Back in the day, we used to talk about system testing. System testing was the work done by testers, with an integrated system where hardware and software were both closer to whatever we would imagine having in production. It usually came with the idea that it was a phase after unit and integration testing, and in many projects integration testing was same testing as system testing but finding a lot of bugs, where system testing was to find a little bugs and acceptance testing ended up being the same tests but now by the customer organization finding more bugs that what system testing could find.
I should not say "back in the day", as for the testing field certification courses, these terms are still being taught as if they were the core of smartassery testers need. I'm just feeling very past the terms and find them unhelpful and adding to the confusion.
The idea that we can test our software as isolated units of software and in various degrees of integrated units towards a realistic production environment is still valid. And we won't see some of the problems unless things are integrated. We're not integrating only our individual pieces, but 3rd party software and whatever hardware the system runs on. And even if we seek problems in our own software, the environment around matters for what the right working software for us to build is.
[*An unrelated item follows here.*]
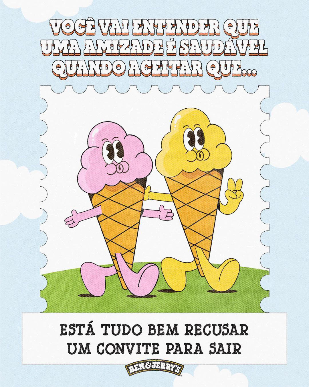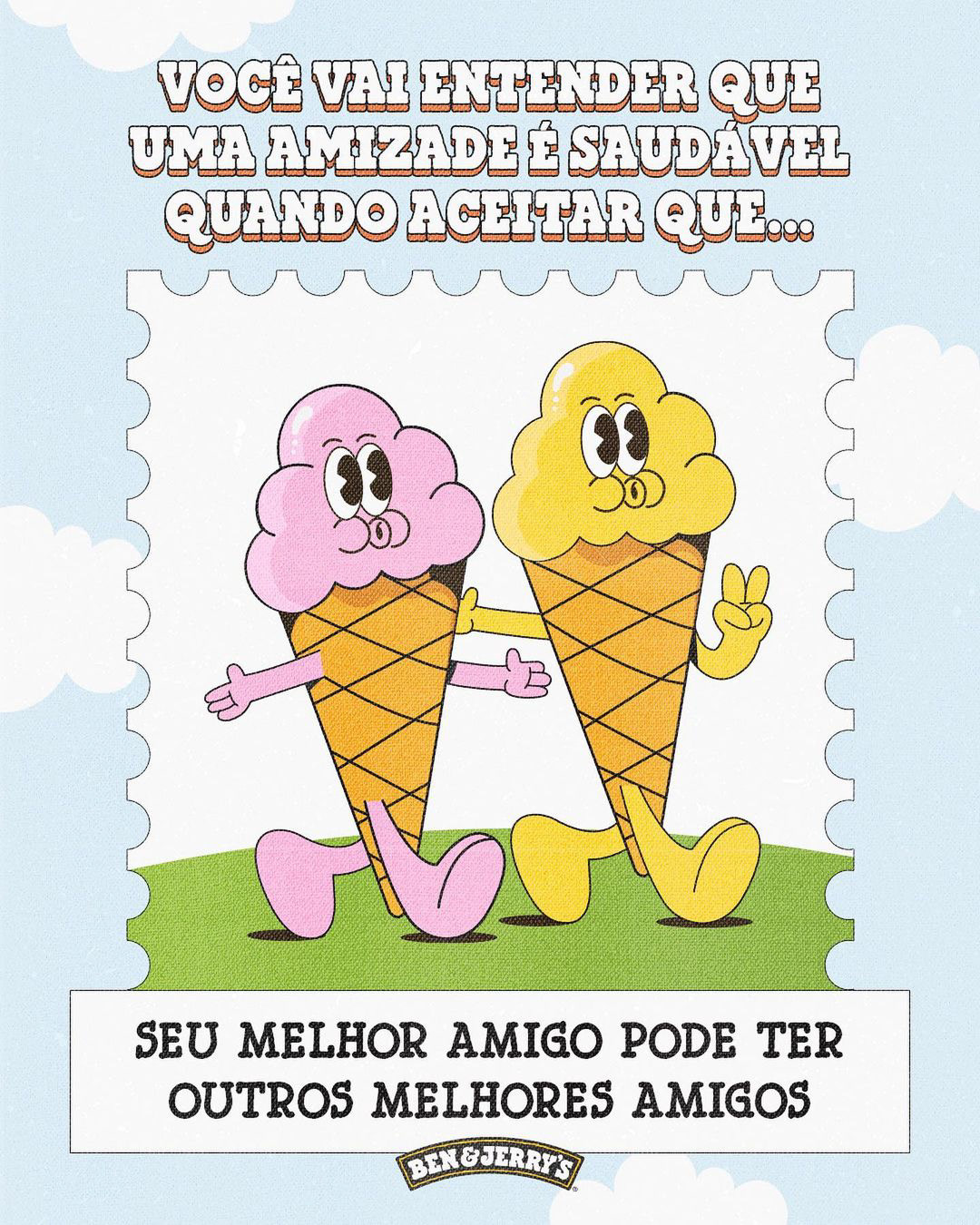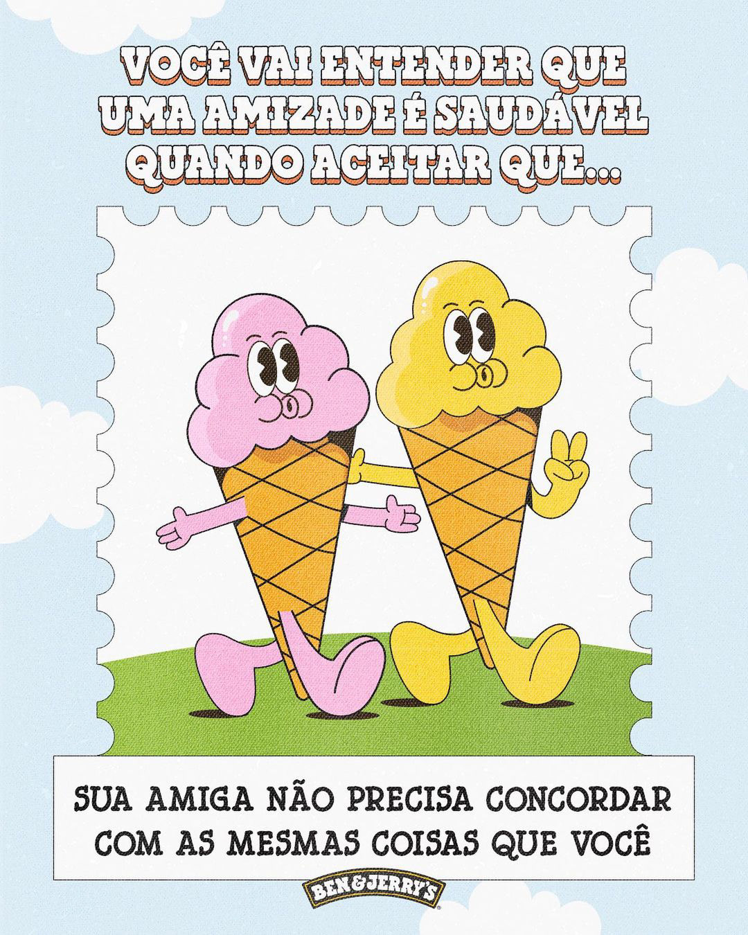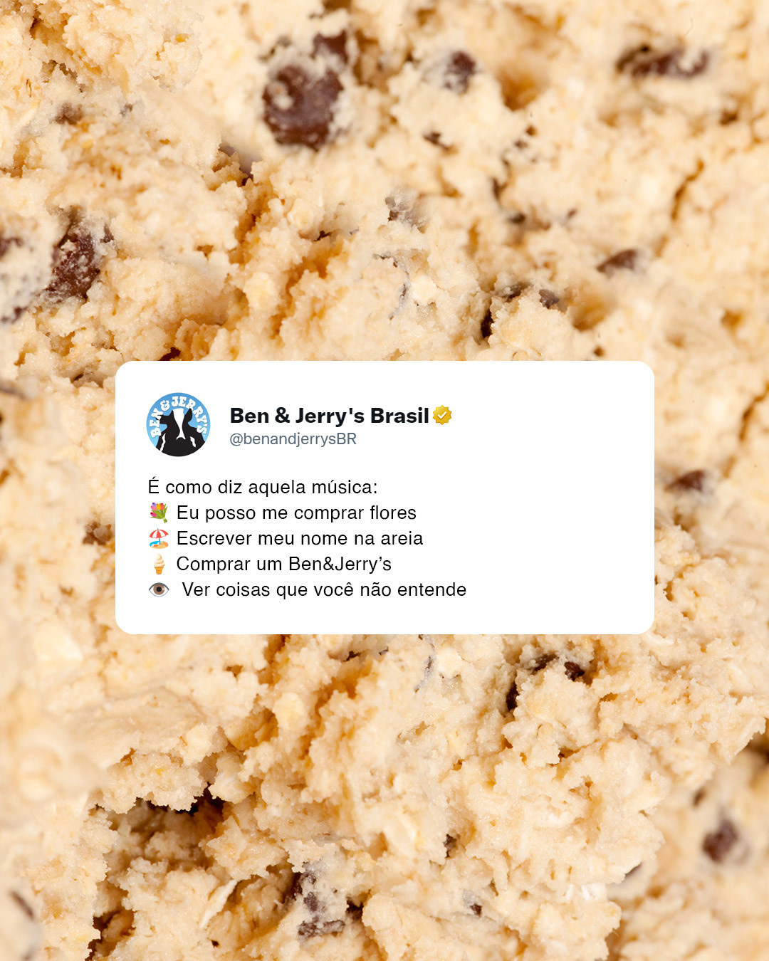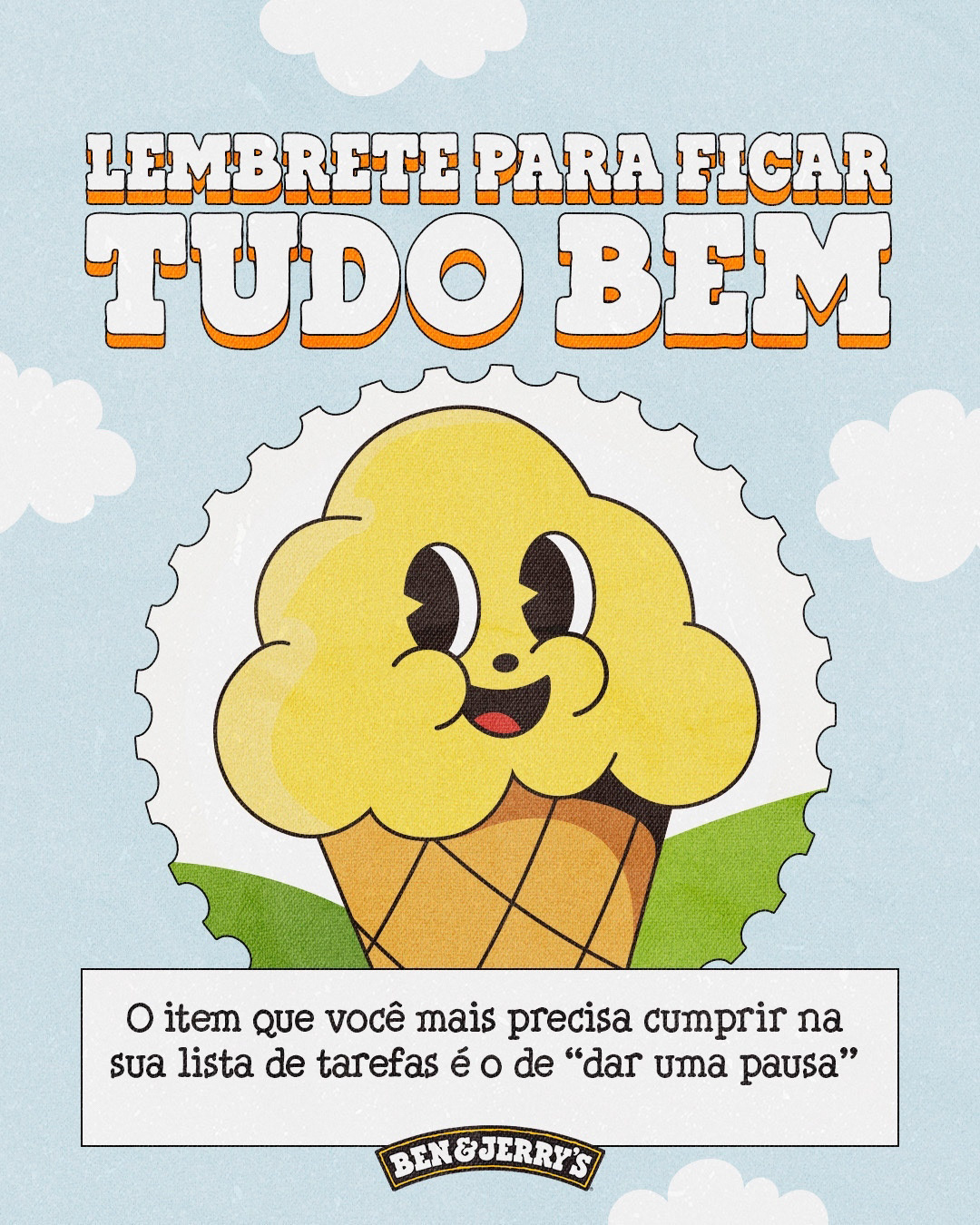 A Ben&Jerry's é uma marca de sorvetes global que pauta sua comunicação no senso de comunidade: engajando com pessoas que são apaixonadas por sorvetes mas que também prezam por responsabilidade social. É uma marca que não tem medo de se posicionar como antirracista, apoiadora dos direitos LGBTQIAP+ e que luta contra o machismo. Além de espelhar essa personalidade da marca nos conteúdos, buscamos também trazer peças com foco nos atributos dos sorvetes e jogos de interação com o público.

With introduction of agile and continuous integration and continuous delivery, the testing field very much clung to the words we have grown up with, resulting in articles like the ones I wrote back when agile was new to me showing that we do smaller slices of the same but we still do the same.
I'm calling that unhelpful now.
While unit-integration-system-acceptance is something I grew up with as tester, it isn't that helpful when you get a lot of builds, one from each merge to master, and are making your testing way through this new kind of jungle where the world around you won't stop just so that you'd get through testing that feature you are on on that build you're on, that won't even be the one that production will see.
We repurposed unit-integration-system-acceptance to test automation, and I wish we didn't. Giving less loaded names to things that are fast to run or take a little longer to run would have helped us more.
Instead of system testing I found myself talking about feature/change testing (anything you could test for a change or a group of changes comprising a feature that would see the customer's hands when we were ready) and release testing (anything that we needed to still test when we were making a release, hopefully just run of test automation but also a check of what is about to go out).
For a few years, I was routinely making a checklist for release testing:
I should not say "back in the day", as for the testing field certification courses, these terms are still being taught as if they were the core of smartassery testers need. I'm just feeling very past the terms and find them unhelpful and adding to the confusion.
The idea that we can test our software as isolated units of software and in various degrees of integrated units towards a realistic production environment is still valid. And we won't see some of the problems unless things are integrated. We're not integrating only our individual pieces, but 3rd party software and whatever hardware the system runs on. And even if we seek problems in our own software, the environment around matters for what the right working software for us to build is.
With introduction of agile and continuous integration and continuous delivery, the testing field very much clung to the words we have grown up with, resulting in articles like the ones I wrote back when agile was new to me showing that we do smaller slices of the same but we still do the same.
I'm calling that unhelpful now.
While unit-integration-system-acceptance is something I grew up with as tester, it isn't that helpful when you get a lot of builds, one from each merge to master, and are making your testing way through this new kind of jungle where the world around you won't stop just so that you'd get through testing that feature you are on on that build you're on, that won't even be the one that production will see.
We repurposed unit-integration-system-acceptance to test automation, and I wish we didn't. Giving less loaded names to things that are fast to run or take a little longer to run would have helped us more.
Instead of system testing I found myself talking about feature/change testing (anything you could test for a change or a group of changes comprising a feature that would see the customer's hands when we were ready) and release testing (anything that we needed to still test when we were making a release, hopefully just run of test automation but also a check of what is about to go out).
For a few years, I was routinely making a checklist for release testing:
- minimize the tests needed now, get to running only automation and observing automation running as the form of visual, "manual" testing
- Split into features in general and features being introduced, shining special light to features being introduced by writing user oriented documentation on what we were about to introduce to them
From tens of scenarios that the team felt that needed to be manually / visually confirmed to running a matrix test automation run on the final version, visually watching some of it and confirming the results match expectations. One automated test more at a time. One taken risk at a time, with feedback on its foundation.
Eventually, release testing turned into the stage where the feature/change testing that was still leaking and not completed was done. It was the moment of stopping just barely enough to see that the new things we are making promises on were there.
I'm going through these moves again. Separating the two, establishing what belongs in each box and how that maps into the work of "system testers". That's what a new job gives me - appreciation of tricks I've learned so well I took them for granted.